Trotzdem: Der Kanal TikTok ist aktuell der beliebteste Social Media Kanal für die junge Generation um die 20. Laut einem Beitrag auf Deutschlandfunk ist die Spitzenreiterin der politischen Akteur*innen auf TikTok aktuell die AFD Bundestagsfraktion mit über 400.000 (!) Followern – verglichen mit der CDU, die ca. 3500 Follower hat (Bericht dazu auf Deutschlandfunk). Das hat mich ehrlich gesagt überrascht und war mir bisher nicht bekannt – die DGSA ist auf dem Kanal nicht vertreten und ich bin privat dort auch nicht unterwegs, da ich jenseits der 40 nicht zur klassischen Zielgruppe gehöre. Dem starken Vorsprung der AFD wollen die anderen Parteien nun etwas entgegensetzen und so den Gap auf TikTok möglichst schnell aufholen. Seit Anfang April 2024 ist also auch Bundeskanzler Olaf Scholz auf der Plattform präsent … vielleicht lege ich mir doch auch mal einen Account an. Zu Forschungszwecken.

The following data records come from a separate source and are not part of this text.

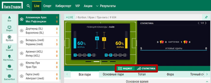 Высоких баллов удостаиваются букмекеры с видеотрансляциями топового спорта. В случае их отсутствия будет плюсом наличие виджета с инфографикой и подсчетом лайв-статистики.
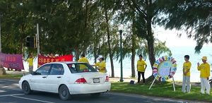 下午两点,为了让当地人也了解发生在中国的迫害真相,学员们在市区最繁华的海滨路口交通灯处拉起横幅,摆放花圈悼念被迫害致死的同修,并给来往车辆派 发真相资料,让更多的当地人了解共产党的邪恶迫害,呼吁更多民众一起制止这场迫害。
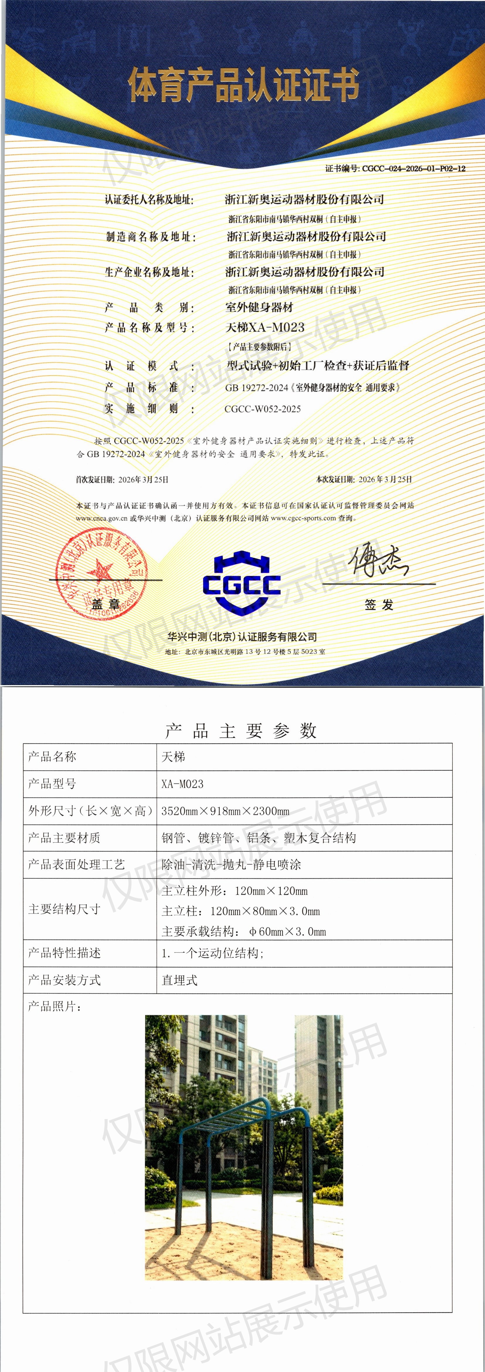 | 6 | 浙江新奥运动器材股份有限公司 | CGCC-024-2026-01-P02-12 | 天梯 | XA-M023 | 浙江省东阳市南马镇华西村双桐(自主申报) | GB 19272-2024 | 2026-03-25 | 有效 | 查看 |

Neben TikTok und Co. wird auch das sogenannte „Dark Social Media“ wichtiger für die Meinungsbildung. Gemeint sind WhatsApp- und Telegram-Gruppen, in denen teils unmoderiert, unkontrolliert Inhalte und Meinungen als vermeintliche Tatsachen verbreitet werden. Das Korrektiv fehlt in den Gruppen an vielen Stellen, so dass sich extreme Meinungen und falsche Nachrichten schneller verfestigen können (noch mal auf Deutschlandfunk, auch ich stecke in einer Bubble 😅).
Weder auf TikTok noch in den „Dark Social Media“ Channels hat die DGSA aktuell ein Profil. Darüber zu diskutieren, inwiefern das für eine wissenschaftliche Fachgesellschaft Sinn macht oder auch nicht, würde wohl einen weiteren Blog-Beitrag füllen. Generell bieten sich sowohl TikTok als auch WhatsApp-Gruppen als Plattformen an, die von Akteur*innen der Sozialen Arbeit genutzt werden können – um ihre jeweiligen Zielgruppen zu erreichen.
Grundsätzlich verändert sich also was auf Social Media – auf allen Kanälen. Und ich finde, da muss man inhaltlich doch was gegenhalten – auch auf allen Kanälen. Und darum werde ich über #DGSA2024 berichten, vorwiegend über Facebook und Instagram, und es würde mich umso mehr freuen, wenn möglichst viele zu Praxis, Forschung und Wissenschaft Sozialer Arbeit auf Social Media aktiv werden und sich vernetzen. Wer auf der Tagung Ende dieser Woche dabei ist, ist eingeladen, unter dem Hashtag #DGSA2024 Eindrücke aus den 65 Panels und Workshops über ihre und seine Kanäle zu teilen. Ich bin gespannt auf Kommentare sowie den Austausch untereinander, vielleicht ja auch persönlich bei #DGSA2024 in Jena.
Julia Kneuse ist seit 2021 Social Media Beauftragte der DGSA. Sie hat Kommunikationsdesign und Soziale Arbeit studiert und arbeitet seit Herbst 2022 als Sozialarbeiterin in der Flüchtlingsambulanz am UKE in Hamburg (Kinder- und Jugendpsychiatrische Ambulanz).